Cracked Towers Spark Widespread Safety Fears About High Rises
Eight in 10 Sydneysiders have safety concerns about the structural soundness of several high-rise apartment buildings in the wake of a crisis sparked by the cracked Opal and Mascot towers. An Ipsos poll of residents for advocacy group the Committee for Sydney found the quality of construction and the structural integrity of towers was by far their biggest safety concerns, followed by fears of becoming trapped in a fire. Both easily outranked crime as major concerns, showing a massive problem with the maintenance of the building.
Retirees, people aged 50 and over, homeowners and women are more concerned than the average of those polled about high-rise building safety, while men, high-income earners and those living in towers are less worried about the safety concerns of both towers.
Of those surveyed, 36% were concerned and 48% a little concerned about the structural integrity of both high-rises. Only 16% did not have any safety concerns. The poll shows the recent structural defects in high-rises have dented people’s perceptions of the developers behind the buildings. Almost three in five – notably homeowners, retirees and those 50 and over – felt “a lot more negative” towards developers due to the problems.
Karen Stiles, the executive officer of the non-profit Owners Corporation Network, said there needed to be “root and branch reform” of the building industry to restore public confidence.
“We need rigour in the system to ensure that buildings are delivered fit for purpose,” she said.
Severe cracking in the Opal Tower at Olympic Park in December 2018, and the evacuation from Mascot Towers six months later, have stoked the fire of growing public concerns. Of the four in five people aware of the problems, 91% said they were a little or a lot more concerned.
Committee for Sydney chief executive Gabriel Metcalf said the appointment of a building commissioner in August, and reforms to make it easier for people who bought defective properties to seek damages, were important steps towards restoring confidence.
“However, all parties – government, industry, regulators – must work to rebuild public confidence,” he said.
An independent NSW parliamentary inquiry into the building standard practices will also resume next month. The representative sample of 1000 Sydney residents shows younger people are more likely than retirees and those 50 and over to support greater housing density.
Mr. Metcalf said it reflected a global pattern of results where younger people were choosing the convenience of denser living over suburban areas. This means demand for “in-city living” will keep increasing as well as the need for more urban development.
The highest support for greater urban density is in satellite centers such as Parramatta, Liverpool and Chatswood, and outer suburbs within the Hills District and the Sutherland Shire, while the lowest support is in the CBD and inner city.
With Sydney experiencing a boom in apartment buildings in the past decade, support for greater density in people’s own suburbs has dropped. A third of those surveyed were supportive, down from 40% in 2018. The survey found people rated the best aspects of high-density living as a convenience and cheaper housing, while the worst were the crowded nature of developments and neighbors.

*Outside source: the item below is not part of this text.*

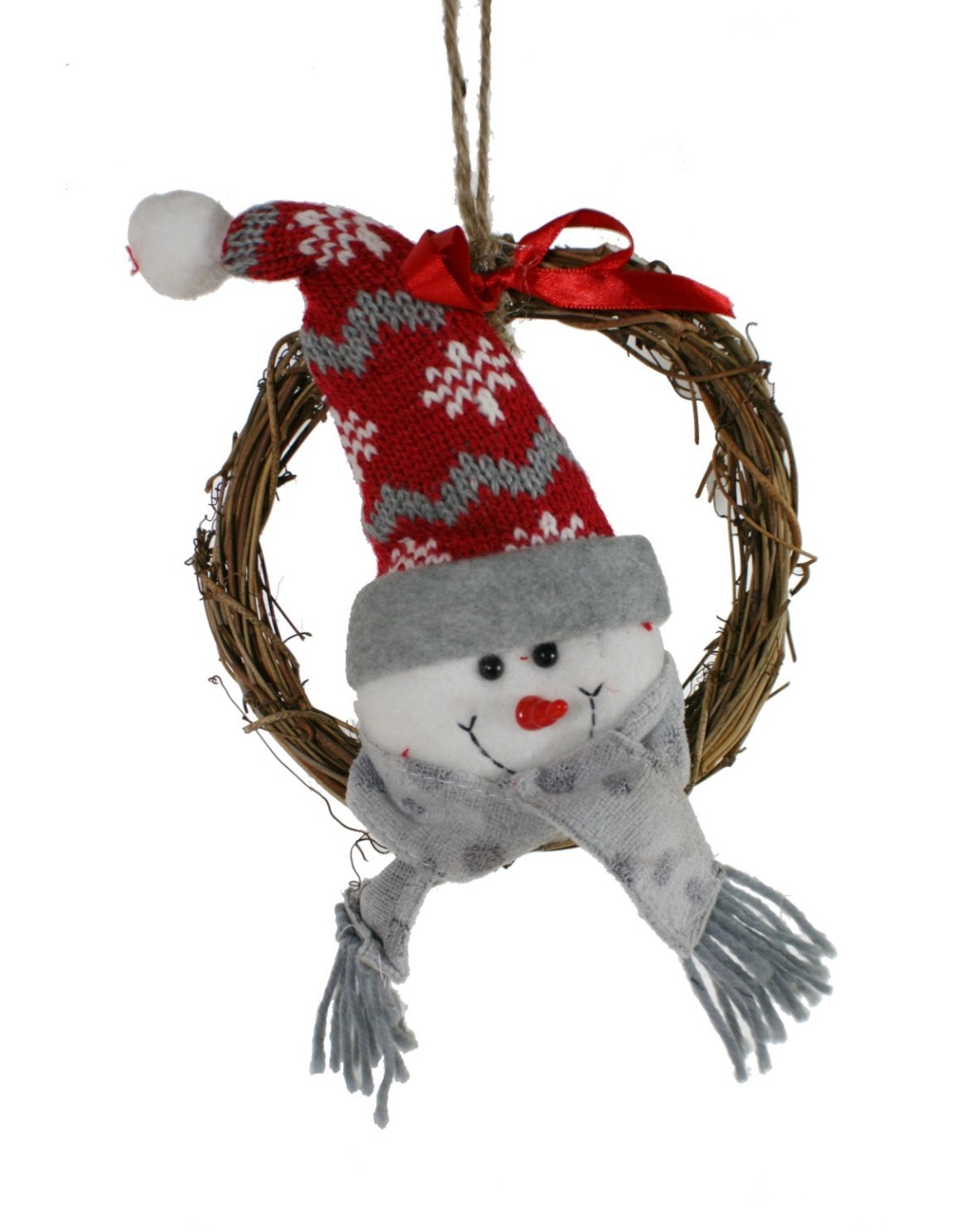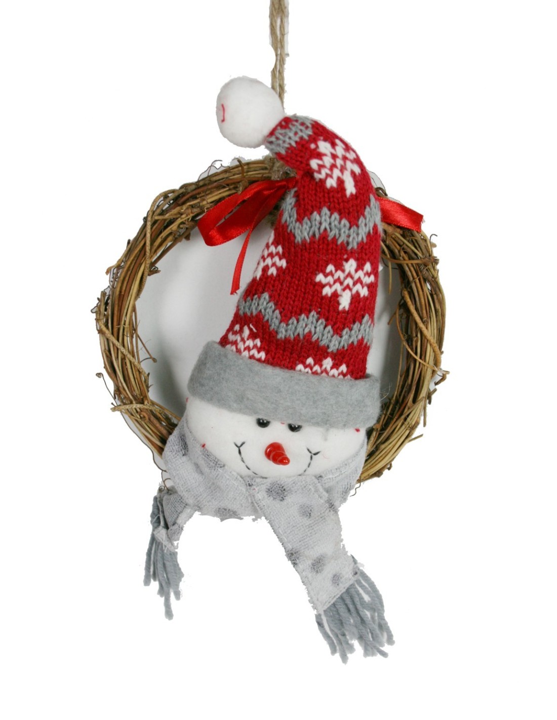 Petite couronne de Noël en rotin avec bonhomme de neige pour ornement de Noël de porte de maison. Dimensions : 18x16x5cm.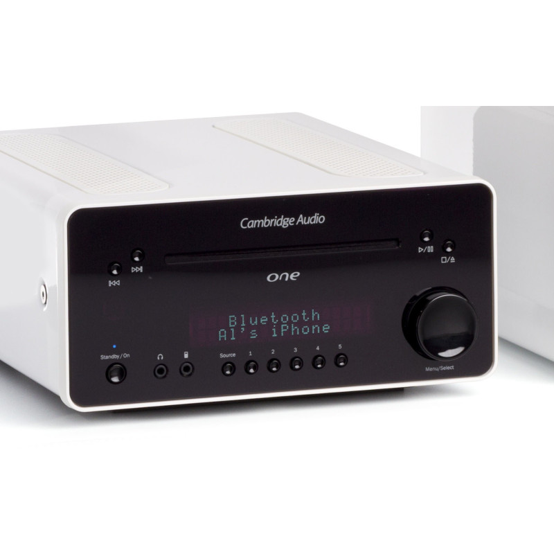 A todos nos gusta reproducir nuestra música a través de un gran número de fuentes de sonido como, por ejemplo, CD, discos duros de sistemas informáticos, servicios de streaming en línea y radio DAB. Sin embargo, para reproducir audio a través de todas estas fuentes de sonido con una calidad de alta fidelidad normalmente es preciso conectar varios dispositivos con distintas funciones: un reproductor de CD, un DAC, un sintonizador, un amplificador, etc. One de Cambridge Audio hace que esa variedad de dispositivos no sea necesaria: es un sistema musical compacto e integral que ofrece una increíble calidad de sonido de alta fidelidad.

It also revealed confusion about the meaning of the term “medium density”, a term that prompted descriptions ranging from townhouses and apartments to low-rise buildings. NSW Planning Minister Rob Stokes has been a keen supporter of a medium-density housing code as a way to increase the diversity of housing across Sydney. But the implementation of the code, which will make it easier for landowners and developers to construct terraces and other medium-density homes, has been delayed until July 2020 by which many restless heads will be focused on the safety of everyone rather than the money coming into the building redevelopment.